Multicast traffic can only be balanced per flow over trunk member interfaces. The hash factor is a triplet (multicast source IP address, multicast group IP address, and VPN instance).
Multicast group-based load balancing
Based on this policy, a multicast router uses the hash algorithm to select an optimal route among multiple equal-cost routes for a multicast group. Therefore, all traffic of a multicast group is transmitted on the same forwarding path, as shown in Figure 1.
This policy applies to a network that has one multicast source but multiple multicast groups.
Based on this policy, a multicast router uses the hash algorithm to select an optimal route among multiple equal-cost routes for a multicast source. Therefore, all traffic of a multicast source is transmitted on the same forwarding path, as shown in Figure 2.
This policy applies to a network that has one multicast group but multiple multicast sources.
Based on this policy, a multicast router uses the hash algorithm to select an optimal route among multiple equal-cost routes for each (S, G) entry. Therefore, all traffic matching a specific (S, G) entry is transmitted on the same forwarding path, as shown in Figure 3.
This policy applies to a network that has multiple multicast sources and groups.

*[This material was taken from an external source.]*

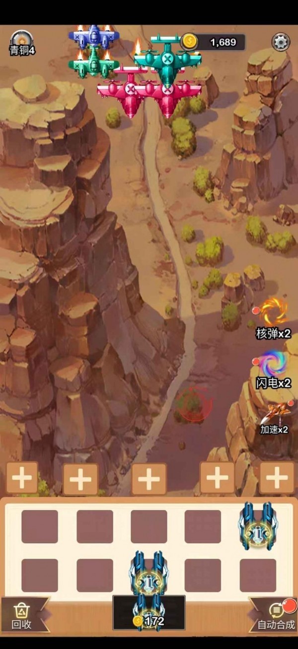 1、金币可用来购买更高级别的战机进行合成,逐渐提升队伍的整体实力。

Based on this policy, a multicast router distributes (*, G) entries and (S, G) entries on their corresponding equal-cost routes. Therefore, stable-preferred is similar to the balance-preferred policy. This policy implements automatic load balancing adjustment when equal-cost routes are deleted. However, dynamic load balancing adjustment will not be performed when multicast routing entries are deleted or when weights of load balancing routes change.
This policy applies to a network that has stable multicast services.